The expression patterns of those key genes were explored by scRNA-seq analyses of human liver tissues from GSE136103 [28]. scRNA-seq data of four samples including two healthy liver samples (GSM4041156 and GSM4041159) and two NAFLD liver samples (GSM4041162 and GSM4041163) were analyzed with Seurat approach [29]. The types of cells in liver tissues were annotated with the combination of findings from human liver cell atlas and the annotation analyses with SingleR [30, 31]. The expression patterns of those top 10 up-regulated genes in RRA analysis on NASH and RRA analysis on fibrosis were analyzed through the findings above together with evidence from Human Protein Atlas (https://www.proteinatlas.org/).

Statistical analysis

Difference in gene expression levels between groups was determined by Mann–Whitney U test. The enrichment scores from GSVA were compared between groups using unpaired t test. Receiver operating characteristic (ROC) analysis was also performed. P < 0.05 was considered statistically significant. R software (Version 3.6.1) was used in data analyses.

Results

Transcriptomic signature of NASH development

Based on the predefined inclusion criteria, 12 liver transcriptome datasets were included, and the main characteristics of these datasets were shown in Supplementary Table 1. These 12 datasets contained a total of 281 NASH patients and 252 NAFL controls.

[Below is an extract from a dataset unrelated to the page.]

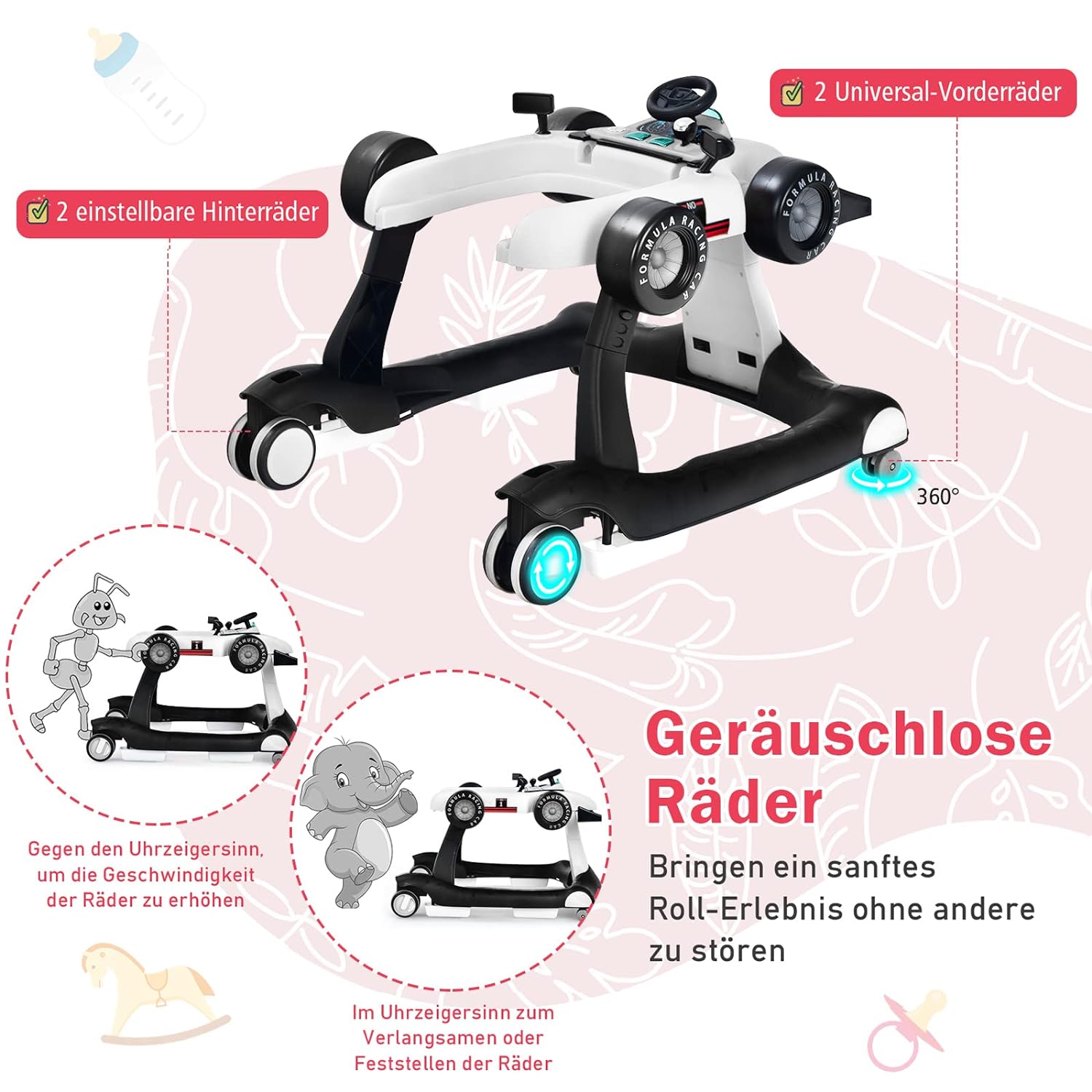 - 🚘【Einstellbare Höhe & Tempo】Die Lauflernhilfe hat 3 Höhenstufen, die je nach Grösse des Kindes eingestellt werden können. Die beiden Vorderräder sind geräuschlose Universalräder, die die Richtung ändern können, und die Geschwindigkeit

RRA analysis identified 141 crucial genes involved in the progression from NAFL to NASH, 116 of which were significantly up-regulated in NASH liver tissues (Supplementary Table 2, 3). Those top 10 up-regulated genes included SPP1, FBLN5, CHI3L1, CCL20, CD24, FABP4, GPNMB, VCAN, EFEMP1, and CXCL10 (Fig. 1A). SPP1 was the most significant gene aberrantly expressed between NAFL and NASH (adjusted P = 2.29E-15), followed by FBLN5 (adjusted P = 7.24E-13) and CHI3L1 (adjusted P = 1.62E-12) (Supplementary Table 2, 3).

Fig. 1
figure 1

Identification of transcriptomic signature of NASH development. Figure 1-A, Heatmap in the RRA analyses of 12 liver transcriptome datasets comparing NASH with NAFL. The number was for the log2 value of fold change. The red color indicated up-regulation in the NASH liver tissues, while the green color indicated down-regulation in the NASH liver tissues. Figure 1-B, GO enrichment analyses of those crucial genes involved in the progression from NAFL to NASH. The significance of enrichment was expressed by the log10 value of Benjamini adjusted P value together with the color transition from white to red. The gene number was for the number of enriched genes in certain functional pathway, while the percentage was for the proportion of enriched genes among total genes in certain functional pathway. Figure 1-C, PPI networks of those crucial genes identified in RRA analysis of NASH. Figure 1-D, Comparison of the difference in the GSVA enrichment score of NASH transcriptomic signature between NASH patients and NAFL patients

GO analyses of those 141 crucial genes suggested that their functions were characterized by multiple extracellular matrix (ECM)-related pathways, such as Extracellular matrix (Benjamini P = 2.71E-14) and Extracellular space (Benjamini P = 5.42E-14) (Fig. 1B; Supplementary Table 4). Several non-ECM-related pathways were also enriched such as Chemokine receptor binding (Benjamini P = 0.005) and Immune response (Benjamini P = 0.04). The outcomes above suggested that ECM-related pathways were the main functional pathways involved in the progression of NASH, and immunity-related pathways were also involved. PPI analysis suggested there were intensive interaction networks among those crucial genes, and some candidate hub genes were identified such as SPP1, LUM, and COL3A1 (Fig. 1C).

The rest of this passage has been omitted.